Please could I have some views on the following.
Is it efficient to create a normalized database. Then create Views for the interaction with the business library. This way I am creating an efficient normalized database, whilst persisting a behavioural object orientated design by the use of views for the creation of the objects, and other stored procedures for the INSERT, UPDATE, and relational cascade rules for the DELETE.
OR, should I scrap the normalized database design, and go for an object orientated design where each table models the object and foreign keys are used where collaboration exists, and ultimately causing duplicate data.
Thanks for your time,
Andrew
In the book Expert C# 2005 Business Objects Second Edition, Page 50, Paragraph 3 & 4
It says that we may have two objects, Customer and Invoice where both deal with Customer Data.
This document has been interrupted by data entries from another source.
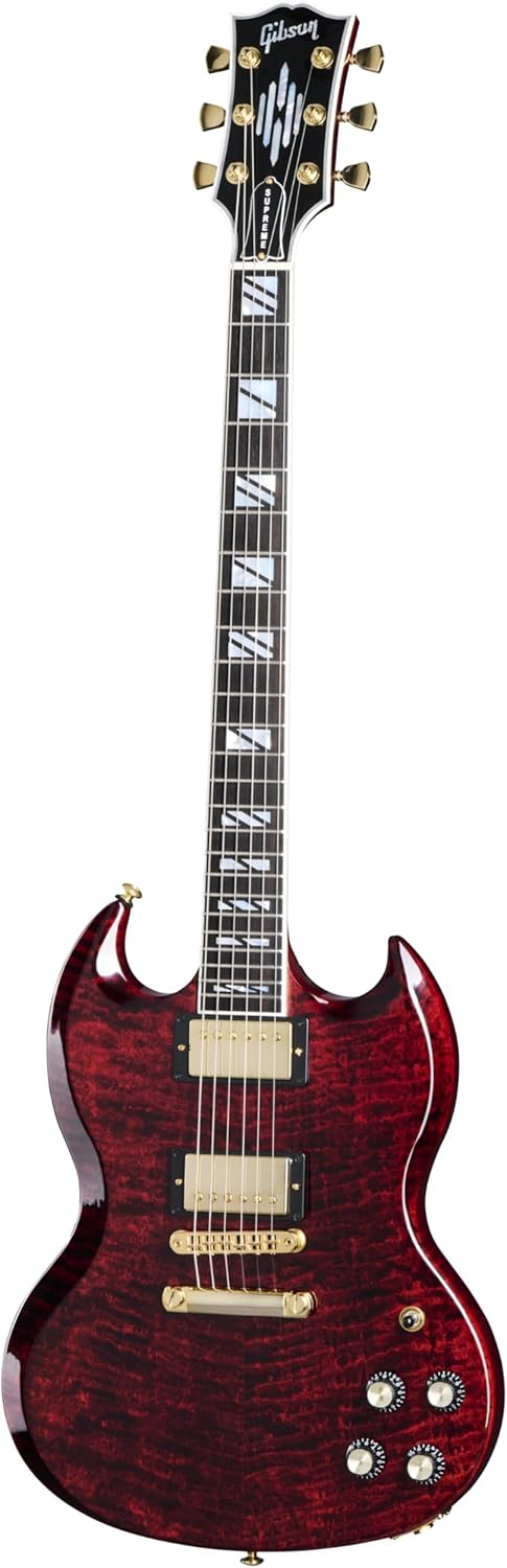 Gibson is excited to announce the return of the SG Supreme. With a refreshed feature set, it is bound to overshadow everything else in sight and be one of the most exciting new releases of the year. It features a beautiful AAA-figured maple top on a mahogany body. The mahogany neck has an ebony fretboard with a compound radius, 24 medium jumbo frets, and Super Split Block mother-of-pearl inlays. The headstock is adorned with a striking new mother-of-pearl “Chandelier Inlay” inspired by a design from the1940s that was discovered in the Gibson archives. The Burstbucker Pro and Burstbucker Pro + pickups are paired with push/pull volume controls for coil tapping, along with individual tone controls. The three beautiful finishes are elegantly highlighted with gold hardware, making this not only a great-sounding and highly flexible instrument but also an exceptionally beautiful-looking modern rock machine. A hardshell case is also included.
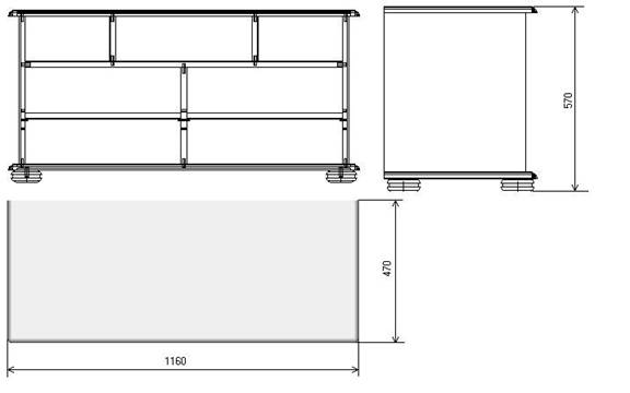 Peretii laterali se monteaza cu placa superioara, intermediara, inferioara, peretii despartitori si picioarele cu ajutorul cepurilor rotunde aplicate. Spatele se monteaza cu suruburi pentru lemn. Suportii din metal pentru polite sunt introdusi in P.A.L., dupa ce in prealabil s-au executat burghierile necesare, apoi se aseaza politele. Sertarul este montat cu ajutorul unor sipci de glisare din masiv de fag.
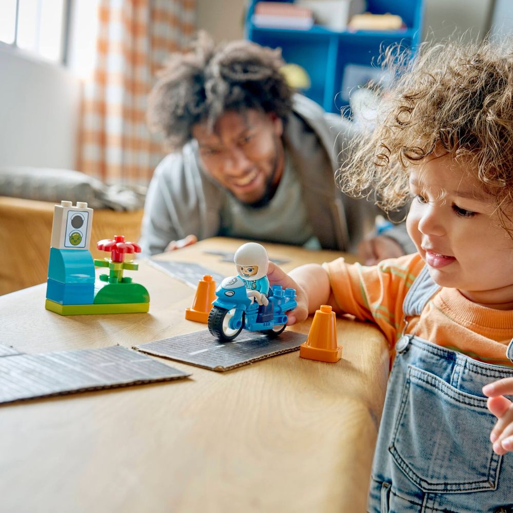 CONJUNTO DE POLÍCIA – Este conjunto LEGO® DUPLO® Town Motocicleta Azul da Polícia (10471) permite que crianças a partir de 2 anos criem histórias emocionantes com uma motocicleta de brinquedo, uma figura de policial, cones e semáforos.
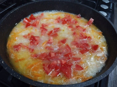 Через 5 минут положите помидоры, их надо равномерно распределить по поверхности риса. Также положите лавровый лист, соль и перец.
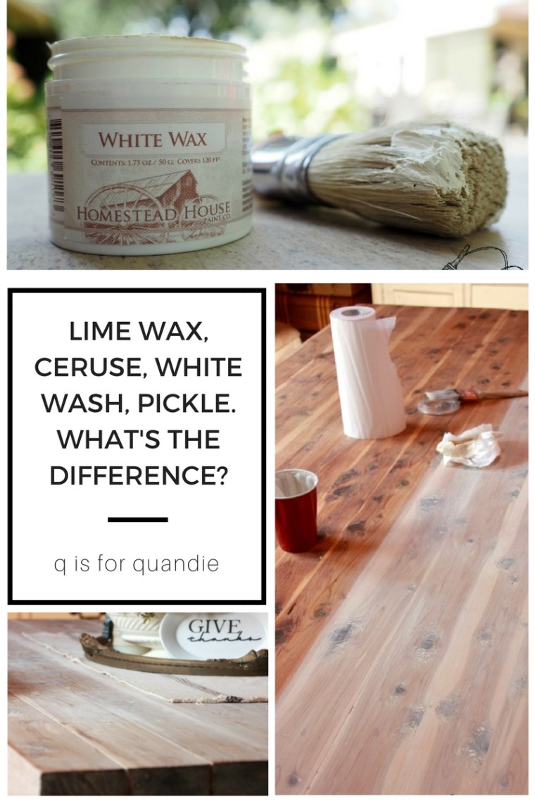 I hoped you’ve learned a thing or two about white washing v. lime waxing today.  Check back later on Wednesday when I’ll share a piece where I used both techniques together.  Sort of.  In the meantime, be sure to pin this post for future reference!
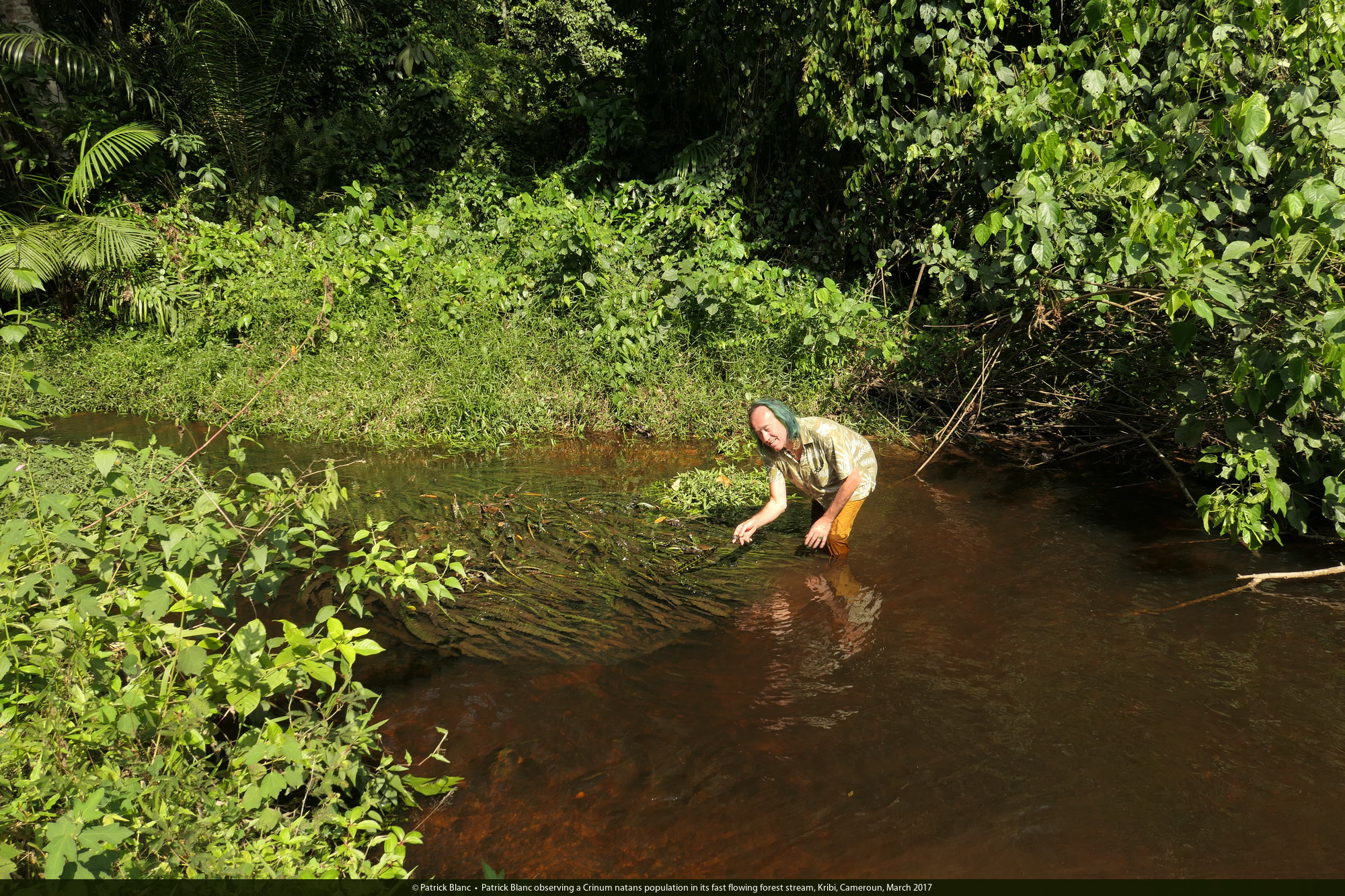 Patrick Blanc observing a Crinum natans population in its fast flowing forest stream, Kribi, Cameroun, March 2017
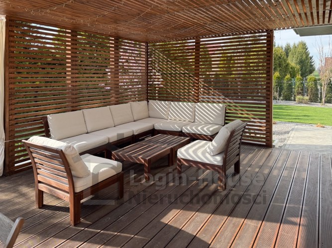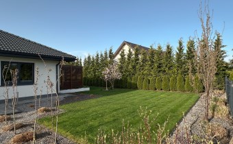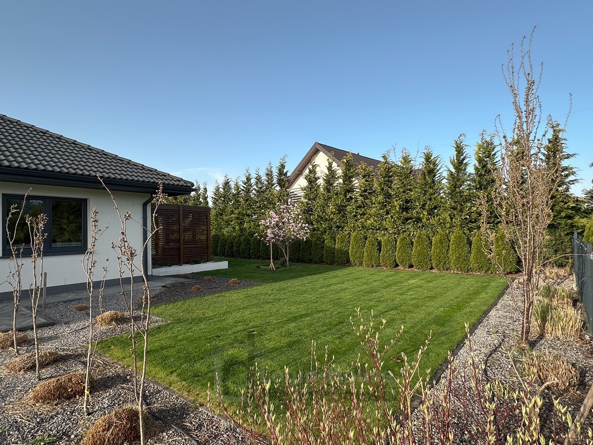 Działka jest ogrodzona ( automatyczny napęd bramy wjazdowej i garażowej ), zagospodarowana posiada system automatycznego nawadniania. Ogród ma wydzieloną strefę wypoczynkową oraz miejsce na przydomowy warzywniak.
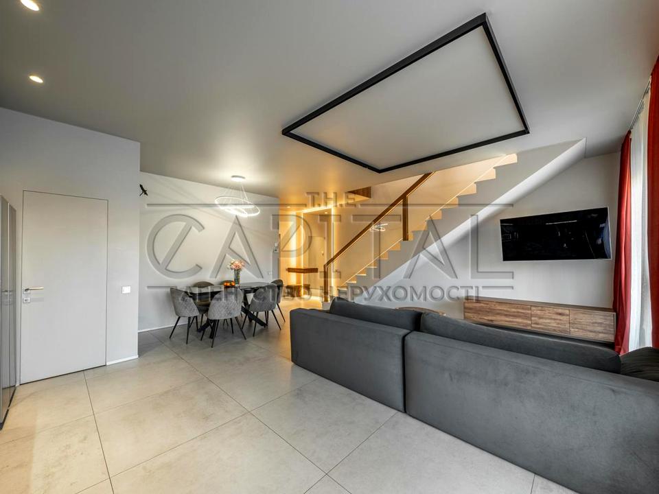 Життя у комфорті, безпеці та спокої — саме так почуваєшся в цьому сучасному будинку, розташованому в закритому котеджному містечку всього за кілька хвилин від центру столиці.
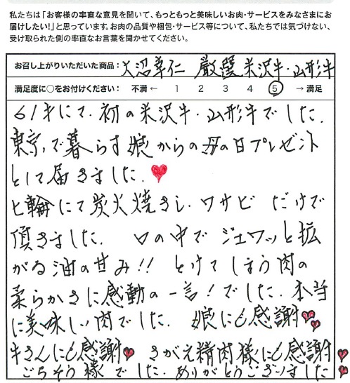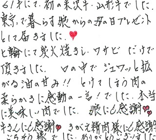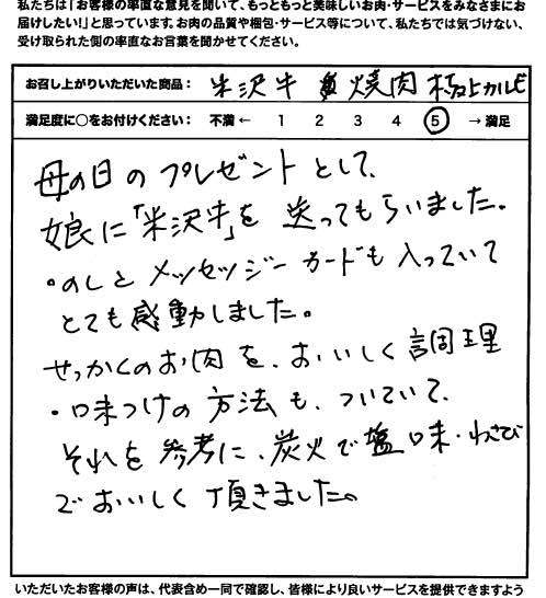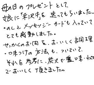 母の日のプレゼントとして、娘に「米沢牛」を送ってもらいました。のしとメッセージカードも入っていてとても感動しました。お肉をおいしく調理・味付けする方法もついていて、それを参考に、炭火で塩味・わさびでおいしく頂きました。
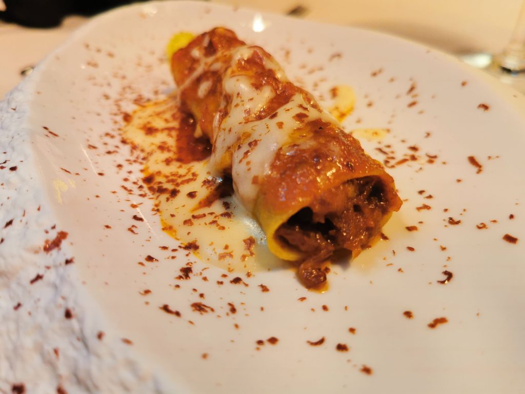 Así que, para afianzar la intención del chef en representar su fuerte vínculo con la tradición y origen, los ‘canelones a la vaccinare’; rellenos de rabo de toro, bechamel de pecorino y chocolate rallado; hacen que el menú llegue a su ‘punto cúspide’. El guiso de rabo de toro, con una ‘textura casi de mantequilla’ y una gran concentración de sabores, deja ver la hidratación de líquidos y horas de cocción que ha llevado. Una propuesta sosegada, sin sobresaltos ni sorpresas en el momento culminante de metérsela en la boca. Es difícil resistirse a la tentación de rebañar el plato.
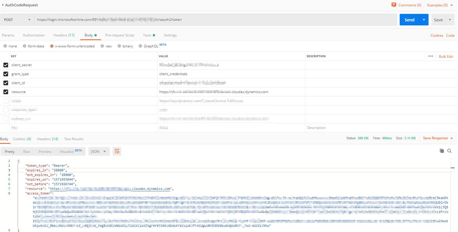 在请求resource令牌(并在https://jwt.io for aud (aud)字段中验证令牌)中验证OAuth。它应该与末尾没有/的主url相同(比如https://d365fo-10-12345678baef10230aos.cloudax.dynamics.com)。
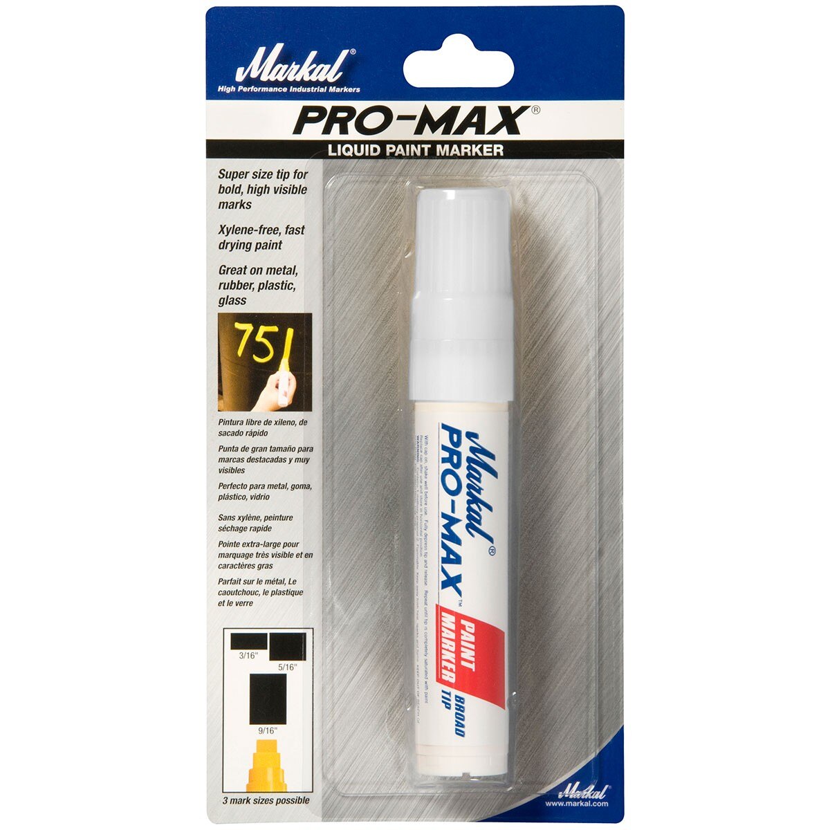 PRO-MAX is a liquid paint marker with an extra-large tip to provide the biggest and most highly-visible marks. The wear-, water- and weather-resistant paint dries quickly to leave bold, easy-to-read marks and is safe for almost any surface.
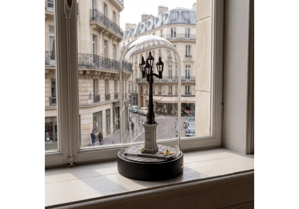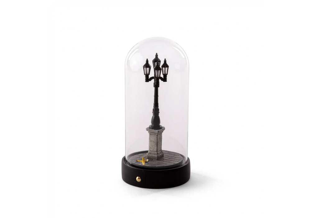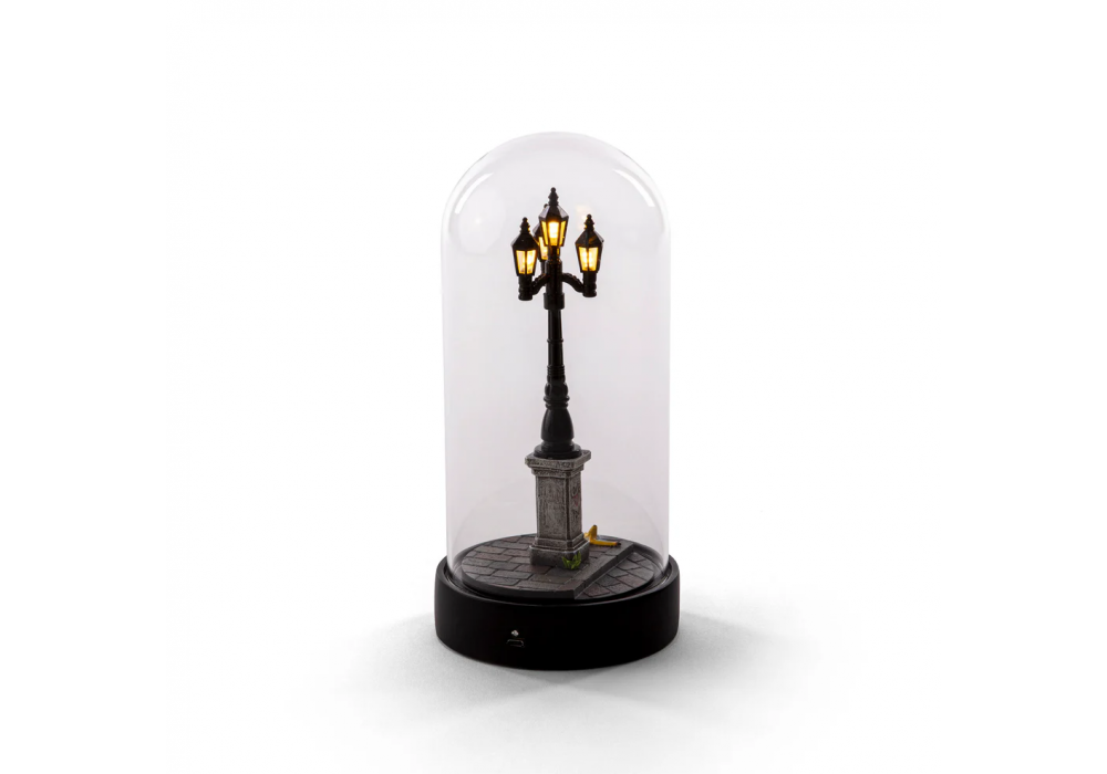 My Little Corner designed by Marcantonio for Seletti is a table lamp with a circular resin base with the representation of a small diorama. The protection bell is made of glass with an LED light source with a dimmable system powered by a USB cable.
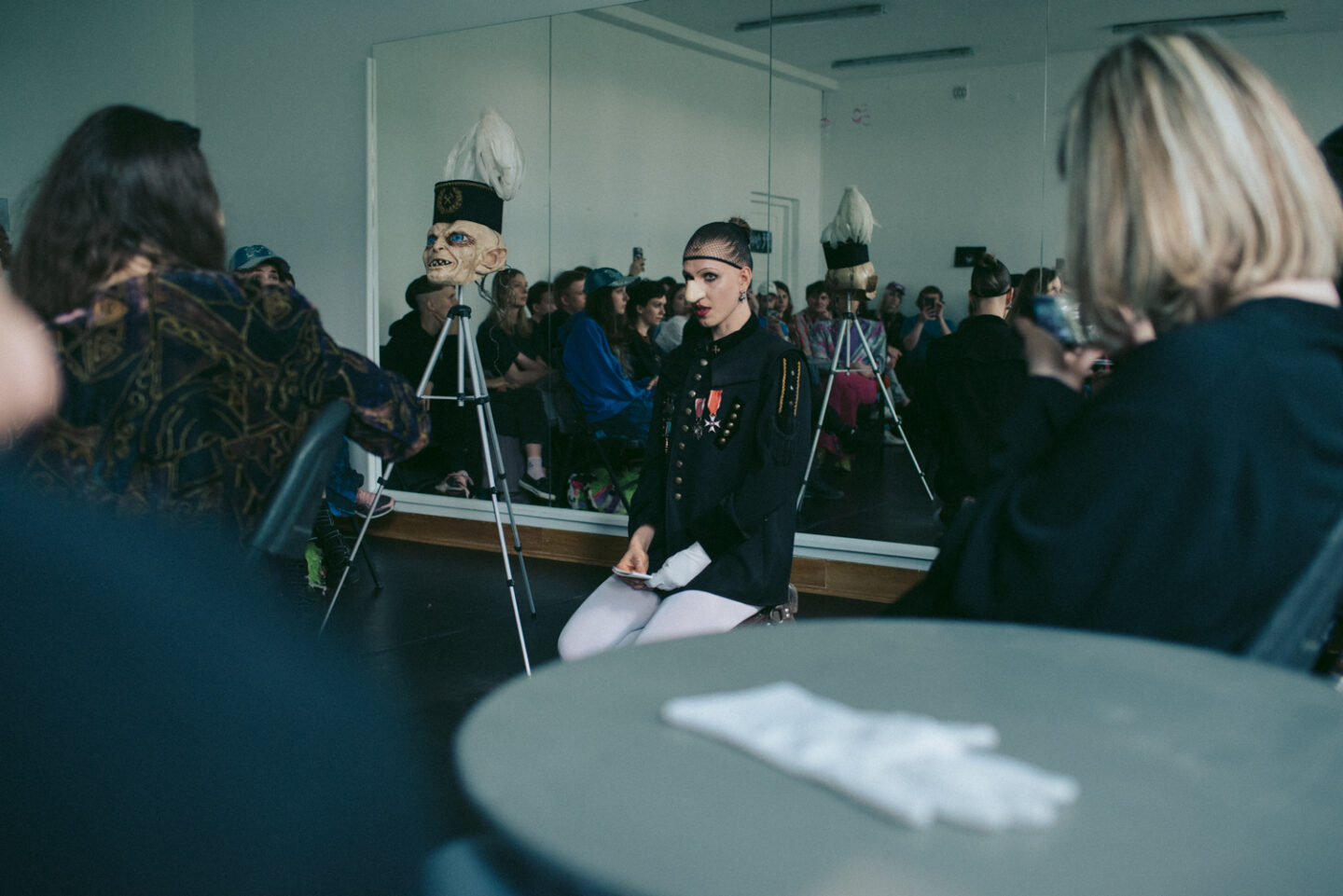 Stępień to performerka i malarka, która w mijającym roku była szczególnie widoczna na stołecznej scenie, wcielając się w ambasadorkę queerowej śląskości. W czerwcu w Komunie Warszawa artystka zaprezentowała performans Wnuczka górnika, podczas którego wcieliła się w postać Skarbnika, demona i władcy górniczych podziemi. Usadowiona przy stolikach publiczność mogła przyglądać się szeregowi działań performerki – wydawać by się mogło, że ryzykownych, ale także fajnych wizualnie, jak skradanie się Skarbnika za czarną kotarą czy wydeptywanie jego czarcich kopytek na podłodze przyprószonej mąką. Performans zakończył się lekko i wspaniale wyskokiem górniczego demonka przez okno, który tanecznym krokiem zeskakiwał z daszków budynku i zniknął za węgłem. Wrócił w październiku podczas wystawy Córka górnika, gdzie odegrał podwójną rolę: kuratorki i operatorki windy wiozącej gości na wystawę.

It says that it is a naive approach for the Invoice to make use of the Customer object, as it should only be used:
"in the case where the application is adding or editing customer data"
I agree, BUT what it does not discuss is the possibility that the Invoice object could make use of the CustomerInfo object which is read only, and thus resuing code. Is this going against Encapsulation and if so, should I redfine the fields and properties in the Invoice class itself or create another class called maybe InvoiceCustomerData.
Thanks again,
Andrew
Thanks very much! Appreciate the help.